Because summary judgment is a final adjudication on the merits, courts must employ the device cautiously. Hulsey v. State of Texas, 929 F.2d 168, 170 (5th Cir. 1991); Jackson v. Procunier, 789 F.2d 307 (5th Cir. 1986). In prisoner pro se cases, courts must be careful to “guard against premature truncation of legitimate lawsuits merely because of unskilled presentations.” Naranjo v. Thompson, 809 F.3d 793, 806 (5th Cir. 2015) (quoting Murrell v. Bennett, 615 F.2d 306, 311 (5th Cir. 1980)).
III. ANALYSIS
A. Exhaustion of Administrative Remedies
Holmes moves for summary judgment regarding Plaintiff's claims against him because Plaintiff did not properly exhaust his allegations through the TDCJ grievance procedure in accordance with the applicable grievance rules prior to filing this lawsuit.
The Prison Litigation Reform Act (“PLRA”) requires prisoners to exhaust administrative remedies before initiating a prison conditions case. The statute provides in pertinent part the following: “No action shall be brought with respect to prison conditions under section 1983 of this title, or any other Federal law, by a prisoner confined in any jail, prison, or other correctional facility until such administrative remedies as are available are exhausted.” 42 U.S.C. § 1997e(a); see also Ross v. Blake, 578 U.S. 632, 641 (2016); Jones v. Bock, 549 U.S. 199, 212 (2007); Wilson v. Epps, 776 F.3d 296, 301 (5th Cir. 2015).

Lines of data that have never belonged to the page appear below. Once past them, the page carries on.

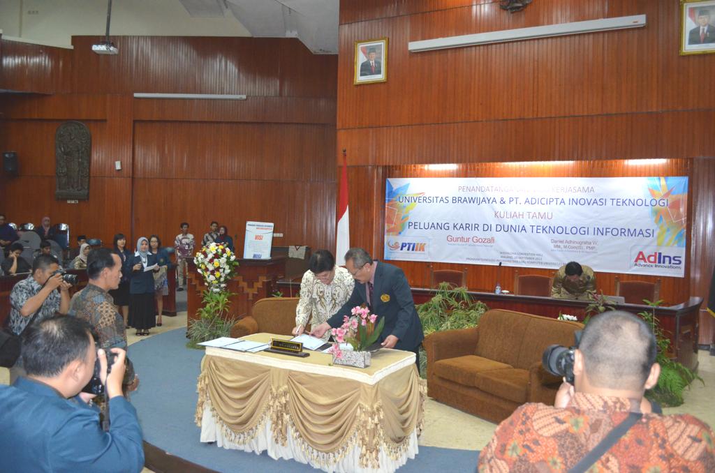 Kunjungan saya ke salah satu Universitas Top di Indonesia ini, bertujuan untuk menanda tangani nota kesepahaman kerjasama antara perusahaan kami, AdIns, dengan Unibraw, dalam hal ini PTIIK (Program Teknologi Informasi dan Ilmu Komputer), di dalam mentransfer pengalaman kami dilapangan, berbagi ilmu dan jika memungkinkan mengembangkan solusi di bidang Teknologi Informasi secara bersama-sama.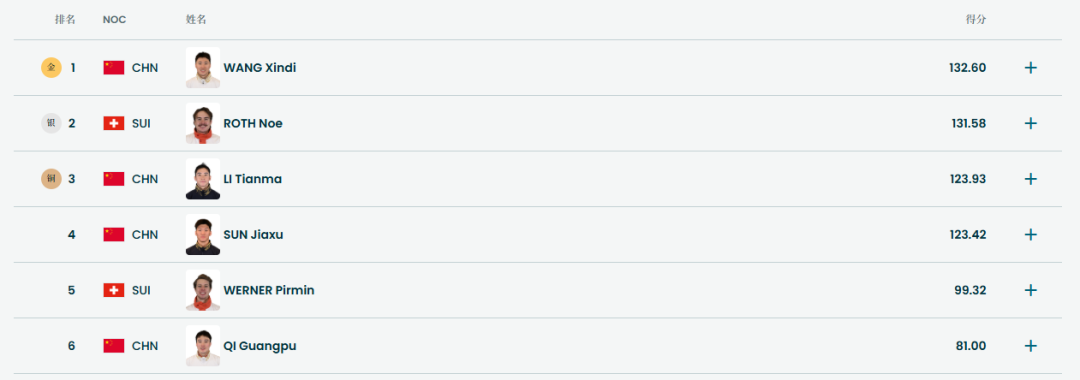 第二轮里,孙佳旭率先起跳,获得123.42分。随后李天马跳出123.93分,王心迪更是完美一跳拿到132.60分,三人一度占据前三名!可惜齐广璞失误,最终只获得81分。瑞士选手维尔纳同样失误仅获得99.32分。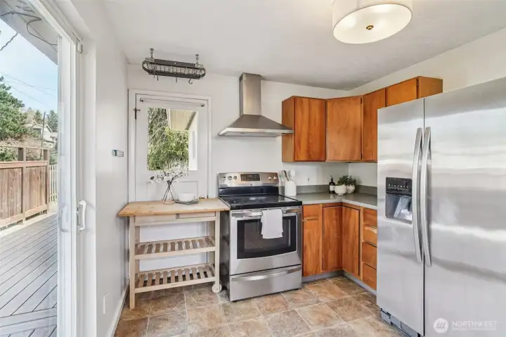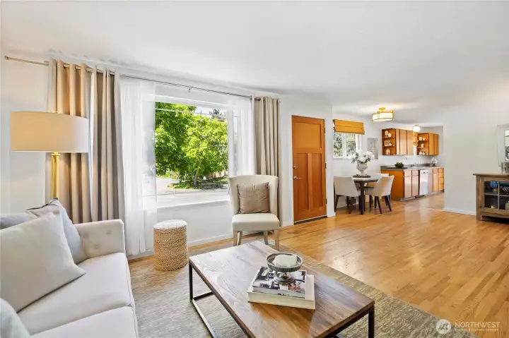 Charming Richmond Beach home with abundant light and classic details. The inviting living room features oak floors, a large picture window, and a wood-burning fireplace. Kitchen offers stainless appliances, generous counter and storage space, and glass sliders to a large entertainment deck. Three bedrooms and a full bath are on the main level. The finished basement provides flexible space for an office, media room, or play area, includes a second wood fireplace, a half bath (easy to convert to a full), plus plentiful finished storage and garage. Generous yard perfect for gardening, pets, or outdoor entertaining. Corner lot with ample parking beyond the garage. Enjoy easy access to Richmond Beach Saltwater Park, scenic Puget Sound views and waterfront trails, neighborhood coffee shops and restaurants, and convenient commuter routes to Seattle — a friendly coastal community with excellent recreational options.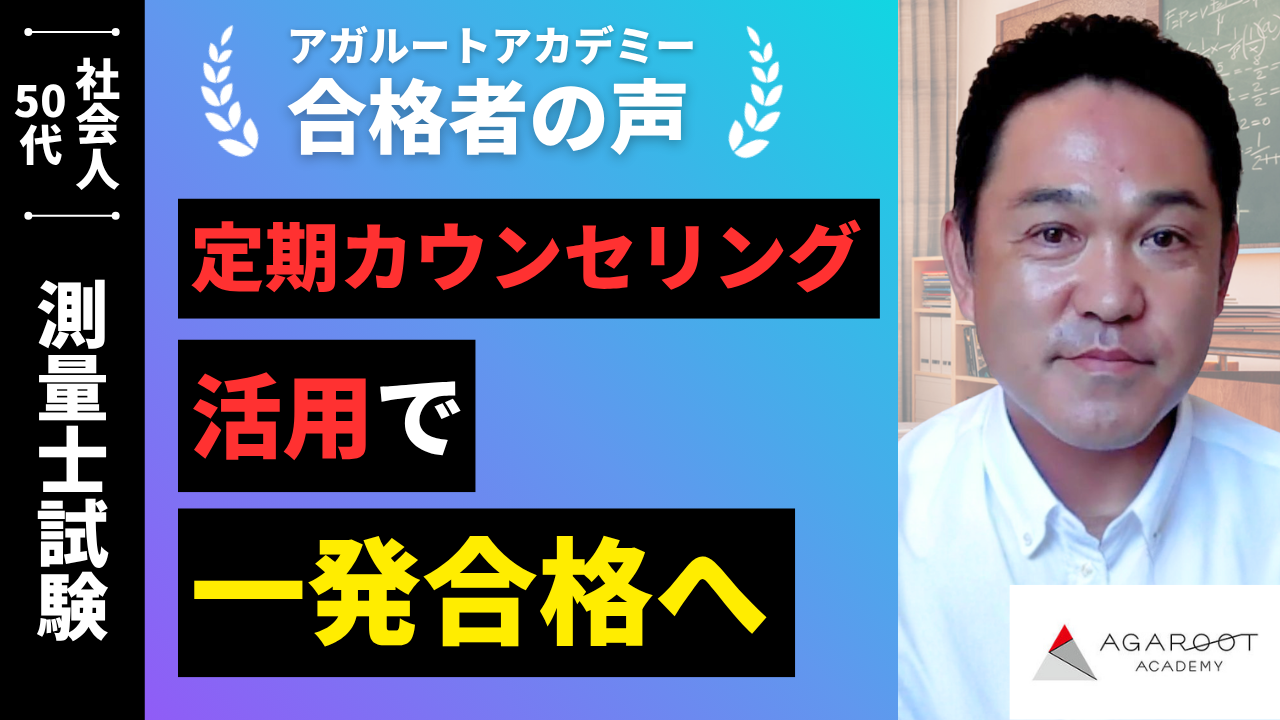 測量士試験に対しては、余裕をもって、確実に合格することを前提に学習を開始。定期カウンセリングと添削オプションも利用し、『絶対合格』の体制を取りました。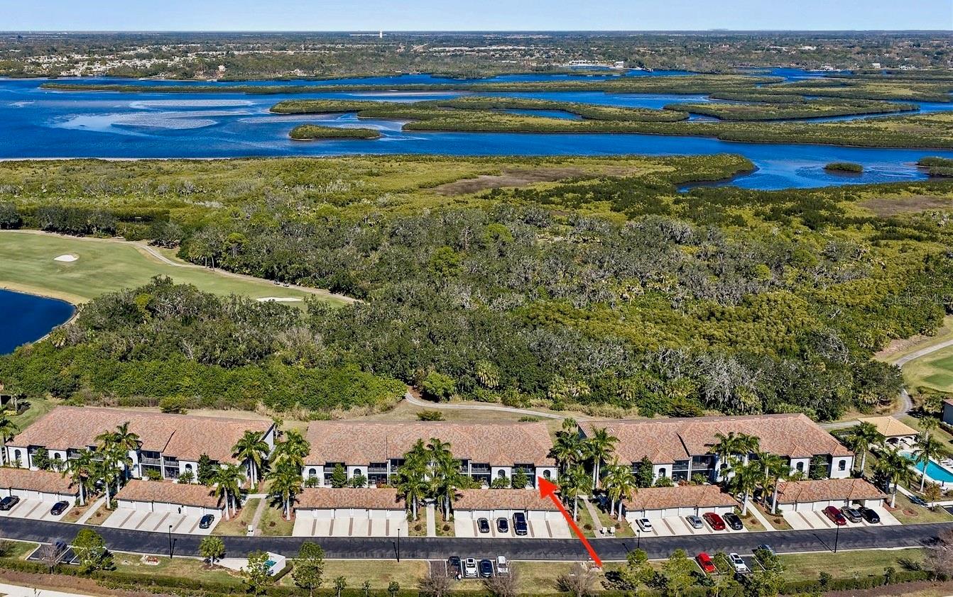 GOLF DEEDED, TOP-FLOOR END-UNIT ABBEY model, offered COMPLETELY FURNISHED for effortless ownership and enhanced privacy. Just bring your personal items and enjoy! The property is designed for buyers seeking elegance, convenience, and investment flexibility, this light-filled residence delivers a low-maintenance lifestyle within River Strand Golf & Country Club. Positioned as a PRIVATE END UNIT with no direct rear neighbors, this residence enjoys added tranquility and abundant natural light. TWO private SCREENED LANAI's that create an inviting space's for morning coffee, afternoon relaxation, and evening entertaining. The back lanai has a peaceful view of the golf cart pathway, and a nature preserve. Inside, the thoughtfully designed interior showcases Crown Molding, Granite countertops, Solid Wood Cabinetry, stainless steel appliances, that enhances both flow and visual appeal. The spacious Owner's Suite offers DUAL WALK_IN Closets and a spa-inspired bath featuring double vanities, a soaking tub, and separate walk-in shower. A separate DEN/OFFICE/STUDY with French Doors and a CUSTOM MURPHY BED provides elegant flexibility for guest accommodations or a home office space. Additional Highlights include Elegant Lighting, Ceiling Fans throughout, a Kitchen Nook area perfect for Coffee Bar and Bar Top for additional seating, repainted interior in 2023, a separate dedicated Laundry Room with a Full-Size Washer and Dryer, and a detached garage. You'll enjoy access to 27-hole championship course designed by Arthur Hills, 8 community pools, a fitness center, hot tub, meeting room with kitchen, plus tennis, pickleball and basketball courts. You'll have full access to all resort amenities - including the main clubhouse, on-site restaurant, Terrace bar & grill, resistance pool. The main clubhouse and Terrance bar and grill are getting a new modem update. Terrance bar & grill is scheduled to be completed in February, and the Clubhouse in March. HOA includes lawn & sprinkler maintenance, Spectrum cable & high-speed internet, water, sewer, and trash for added convenience and savings. Memberships are transferable to seasonal renters, positioning this property as both a refined personal retreat and a highly desirable income-producing opportunity Located near the new Bradenton Market Place with Costco, Target, HomeGoods, ALDI, restaurants, and more! Easy access to I-75, Lakewood Ranch, Sarasota, Tampa, St. Pete, and Gulf Coast beaches. This TURNKEY END-UNIT offers true Lock-and-Leave convenience with exceptional lifestyle and investment appeal. It's an outstanding opportunity to secure privacy, luxury, and long-term value in one of Manatee County's most sought-after golf gated communities.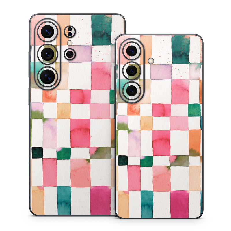 iStyles Samsung Galaxy S26 Series Skin design of Brown, Rectangle, Product, Textile, Art, Pink, Line, Aqua, Magenta, Symmetry, with white, pink, green, red, blue, orange, purple colors, and tagged with patterns, checkers, geometric, pattern, shapes, squares, watercolor.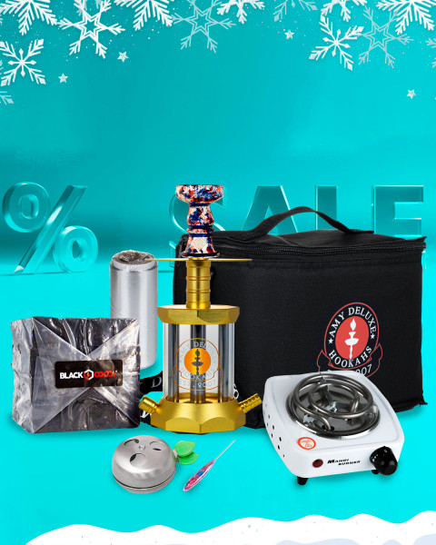 Pack de la cachimba Amy Deluxe Alu Tube S, ¡una de las cachimbas más compactas, minimalistas y prácticas! Esta shisha está fabricada en aluminio y es perfecta para usarla en viajes y, sobre todo, al aire libre gracias a su peso mínimo y a la mochila de transporte que incluye. La conexión de la manguera y el difusor están integrados, por lo que lo único que hay que hacer es enroscar la parte de arriba en la base.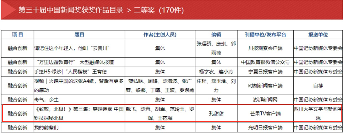 第三十届中国新闻奖“融合创新”三等奖部分获奖作品名单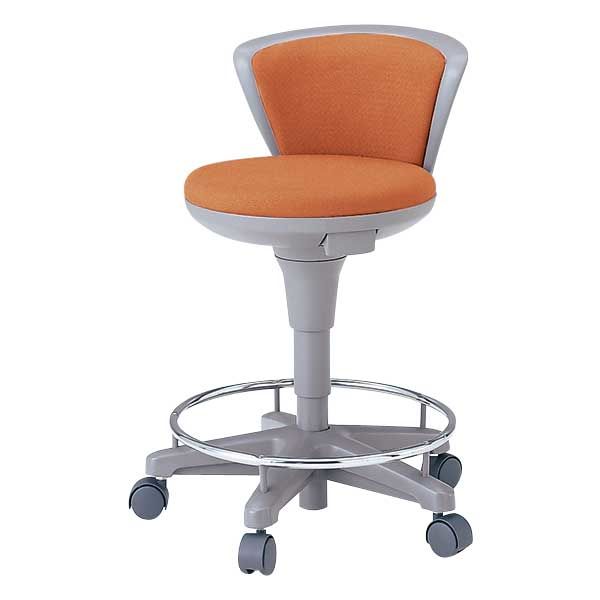 【設置込】イトーキ サポートスツール2 足掛付 肘なし 背付 ナイロン双輪キャスター 座面回転 グレー/ソフトオレンジ KSK-170DF-D7(直送品)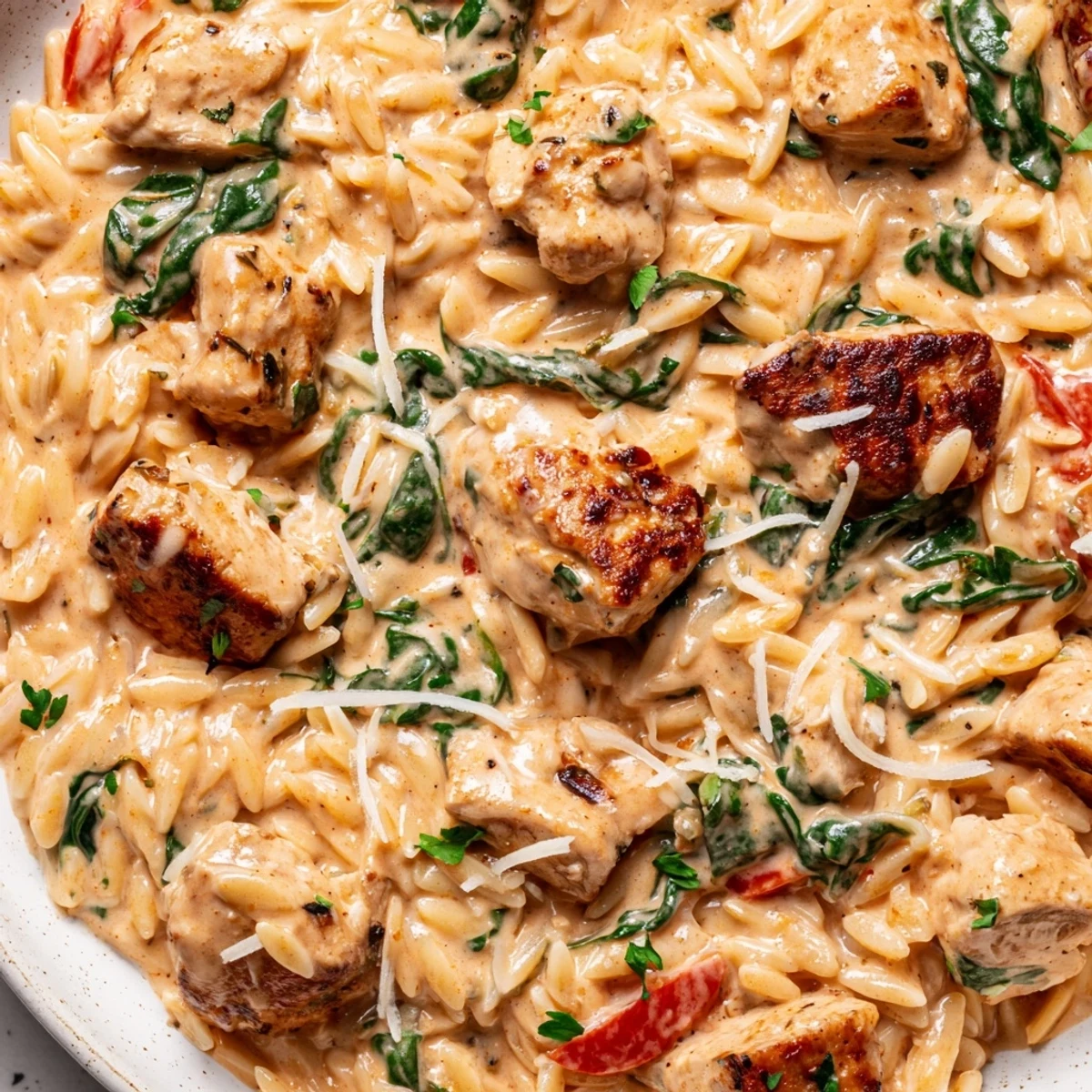 This hearty skillet brings together tender diced chicken, perfectly cooked orzo pasta, and vegetables in a luxuriously creamy Cajun-spiced sauce. The one-pot method means the orzo absorbs all those savory flavors while simmering in chicken broth and heavy cream, creating a thick, velvety texture. Each bite delivers the perfect balance of Cajun heat, rich dairy, and smoky paprika. Ready in under an hour with minimal cleanup, this is ideal for busy weeknights when you want something satisfying and full of bold Southern-inspired flavors.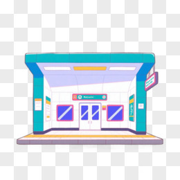卡通简约动漫风平面建筑建筑大门地铁站免抠元素

The TDCJ currently employs a two-step grievance procedure. Johnson v. Johnson, 385 F.3d 503, 515-16 (5th Cir. 2004). The prisoner must pursue the grievance through both steps of the procedure for his claims to be considered exhausted. Id. The formal grievance procedure available for inmates confined in the TDCJ are outlined in the Offender Orientation Handbook.
See https://tdcj.texas.gov/documents/Offender Orientation Handbook English.pdf.
The first step in the formal grievance procedure, Step 1 (I-127 form), involves the prisoner submitting a grievance to the unit grievance coordinator. The Step 1 grievance must be submitted within fifteen days from the date of the alleged incident. The second step in the grievance procedure, Step 2 (I-128 form), involves the prisoner submitting an appeal to the division grievance investigator. A Step 2 grievance must be submitted within fifteen days from the date the Step 1 grievance is returned to the offender.
Administrative remedies must be exhausted regardless of the type of relief sought in the lawsuit and regardless of whether the particular type of relief sought is available through the applicable grievance process. Booth v. Churner, 532 U.S. 731, 740-41 (2001). The exhaustion requirement applies to all inmate suits about prison life, whether they involve general circumstances or particular episodes. Porter v. Nussle, 534 U.S. 516, 532 (2002).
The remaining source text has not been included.